Cross-machine mutual exclusion for agent fleets: flock that works between machines, claim-by-rename for work queues, and when you don't need a lock at all.

This page is for when two machines must not do the same thing at the same time: exactly one agent may claim a work item, exactly one process may rebuild an index, a cleanup job must not run twice. The tools are file locks and atomic renames, both of which work across machines.

If your writers each write their own files and nothing contends for a shared resource, skip this page; that design needs no coordination at all (see Concurrent writes).

Locks work across machines

flock and fcntl byte-range locks behave between machines the way they behave between two processes on one machine: a lock held on machine A blocks machine B until it's released. This is on by default; nothing to configure.
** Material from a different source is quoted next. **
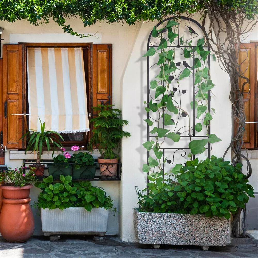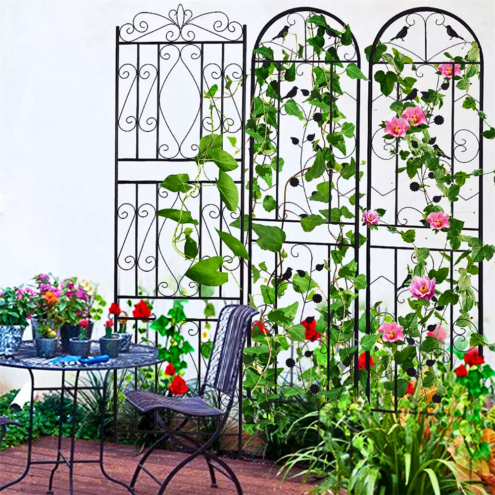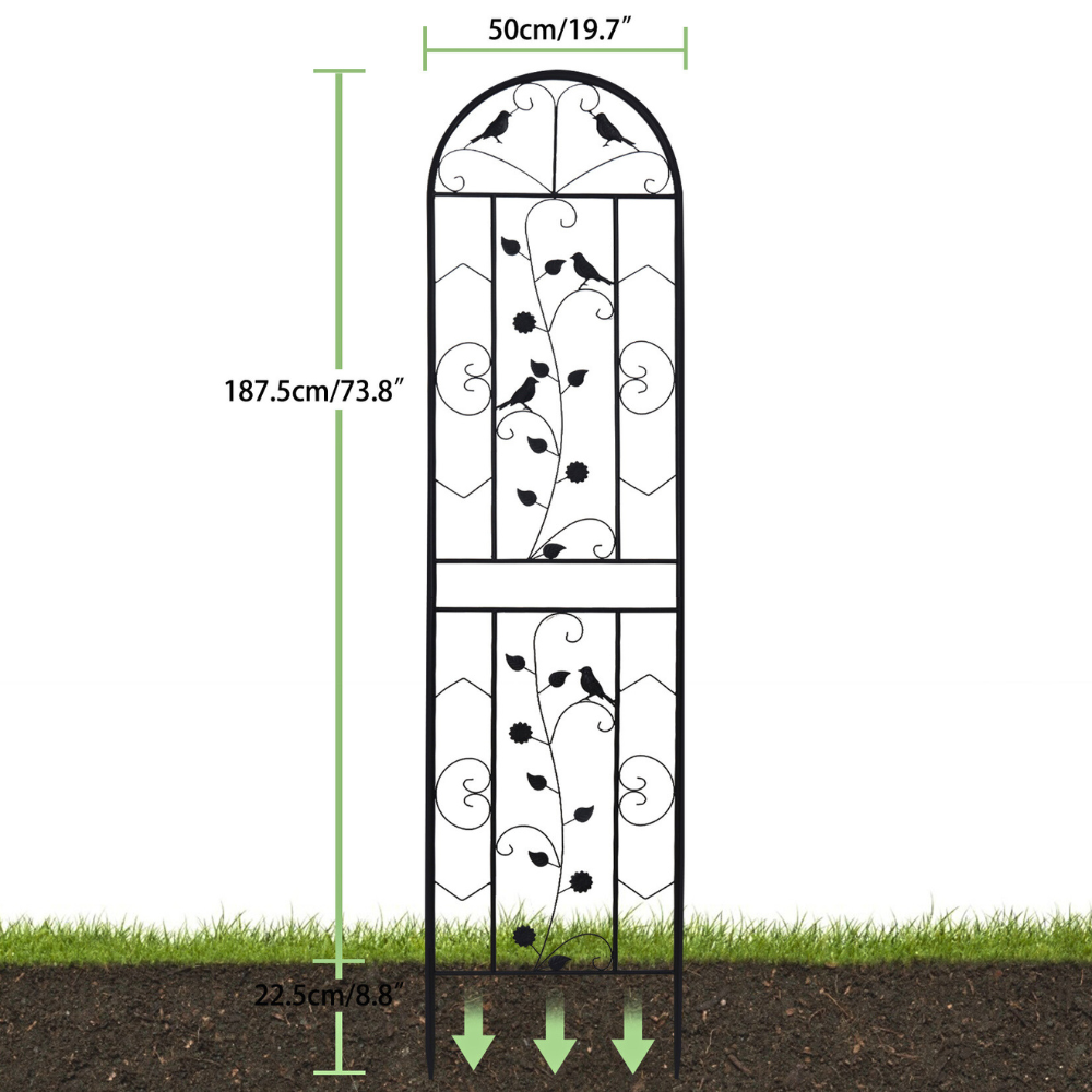 Versatile in use, these fences serve as support for tall flowers, climbing plants, or edge borders. They are ideal for gardens, backyards, patios, lawns, decks, and outdoor yards. With whimsical designs including classic scrolls, flowers, and birds, they add a modern chic charm to any space. The spiked stakes at the bottom make them easy to push into the ground, ensuring they stay securely in place. Standing 82.7 inches tall, they are perfect for holding climbing rose bushes or keeping large dogs away from plants.

# On machine A: hold the lock for 60 seconds.
flock /mnt/work/jobs.lock -c "sleep 60"
# On machine B, meanwhile:
flock --nonblock /mnt/work/jobs.lock -c "process-jobs"
# Exits immediately: the lock is held elsewhere.

Standard pidfile-style tooling works unchanged.

What a network lock can and can't promise

The lock is held through the workspace, not inside one machine's kernel. If the holder disappears without releasing it (crash, kill, network cut), the lock is reclaimed when that machine's mount session is cleaned up, not instantly. Two consequences:

  • Keep critical sections short.
  • Don't build on "the holder can never lose the lock". If stale holders must be fenced out on a timeout you control, use a lock service you operate (Redis SETNX with a TTL, a Postgres advisory lock) instead of a file lock.

Coordination without locks

Most agent workflows can make contention impossible instead of managing it:

  • One file per writer. Each writer claims its own path, e.g. outputs/agent-7/result.json. Nothing collides, nothing coordinates.

  • Claim by rename. To hand work items to exactly one worker each, let workers claim by moving the item into their own directory:

    mv /mnt/work/queue/item-42 /mnt/work/claimed/worker-3/item-42

    Rename is atomic across machines: when two workers grab the same item, one mv succeeds and the other fails with "no such file" and moves on to the next item. No lock is held while the work runs, so a crashed worker never blocks the queue (its claimed-but-unfinished items are visible under claimed/ for a janitor to requeue).

  • Publish by rename. Write results to a hidden path and mv into place as the last step; readers see complete results or nothing. The multi-file variant is in Concurrent writes.